For a Trubit like scheme, you don’t need forced errors, you can allow multiple reporters putting a security deposit. If all reports are the same, consider the result valid, otherwise, use interactive verification.

You can model the % of cases where only bad guys would report in regard of the reward they can get by having a dishonest result accepted, the reward for honest submission and the size of the security deposit.
That would be some game where there is no pure Nash equilibria:
-If everyone does the computation and reports honestly, the reward which is necessarily limited, will not be enough to compensate the work to find the solution.
-if no one reports, you should have reported assuming the reward for one party reporting is higher than the computation costs.
-if only bad actors report and you did not, you should also have reported because you would have been able to win your interactive verification games against them.

This result that the Nash equilibrium is a misted one, An interesting research direction would be to know what should the deposits and reward function be to lower the probability that no one reports.
A challenge is to avoid reporters having incentive to make multiple reports in order to have a higher part of the reward.

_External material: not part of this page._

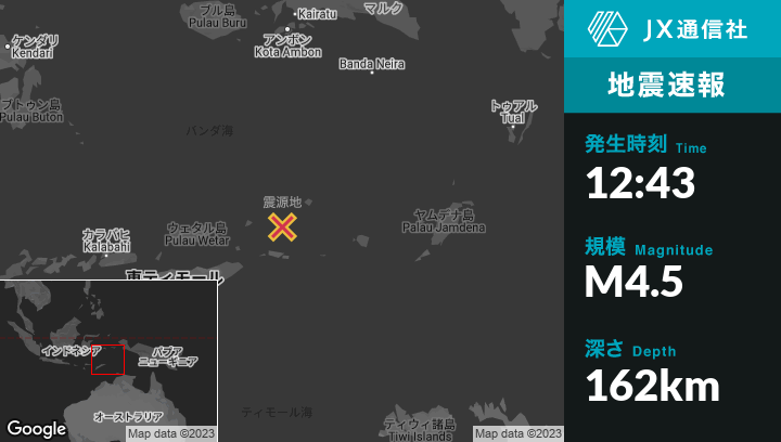3月06日 12:43頃、東ティモールのLospalosから北東163kmの地点でM4.5の地震がありました。

An interesting research direction is to divide by 2 the reward for each report such that you should always report only once. The non used reward can be put in a vault to subsidize further rewards.
The subsidy should be capped to avoid an attack similar to the jackpot ballooning attack(see appendix of Trubit WP) where the attackers report multiple time, even if that means less immediate reward, but more delayed reward to it an increase of the vault size leading to an increase in subsidies of further rewards.
I call this problem the “honest unity” problem and it has applications outside of computation (making an Oracle from a dispute resolution system where parties can answer question and use a dispute resolution system if the answers are conflicting and where we need at least one party giving an honest answer).


#11

Since the nodes are randomly picked, in order to an attacker to form a pool like that, the number of nodes in the pool needs to be a significant portion of the total number of nodes, since nodes a picked randomly.

I do not think having nodes with arbitrary deposits is a good idea, one needs to have a standard deposit value for each node.

TrueBit has very much the same multiple identity problem - the same node can be used with two identities both for computation and for verification.

In the scheme above, the multiple-identity problem can be solved easily by passing mutated code to the nodes from time to time and slashing deposits of nodes with multiple identities. This completely addresses the “centralization” risk.


#12

Yes, but in TrueBit there is no gain in creating more identities. More identities mean that you are more often selected as a Solver, but you are allowed to verify all tasks. A solver and a verifier earn the same reward, so you need only one identity to earn the maximum reward.

As long as the reward is bigger than the calculation costs, new nodes have an incentive to participate.

How does this work? If you send mutated code to a node, they will notice the the task is different and will need to calculate the task. You can make them do useless work, but are not able to slash them.


#13

Good point :-))

Which makes me think that what needs to be done is to always mutate the code, but to have two types of mutations: trivial mutations that do not change the end results, and ones that that do - if calculations involve crypto this could be probably done in mathematically rigorous way - interesting subject


#14

I checked the TrueBit whitepaper and I see that the Solver is not automatically the first verifier, but receives only a fraction of the jackpot in case there is no verifier. So when the solver does not expect many verifiers, it might be profitable to also be a verifier.
I think it would be better for the solver not to have an incentive to have double identities and just give the solver the full jackpot.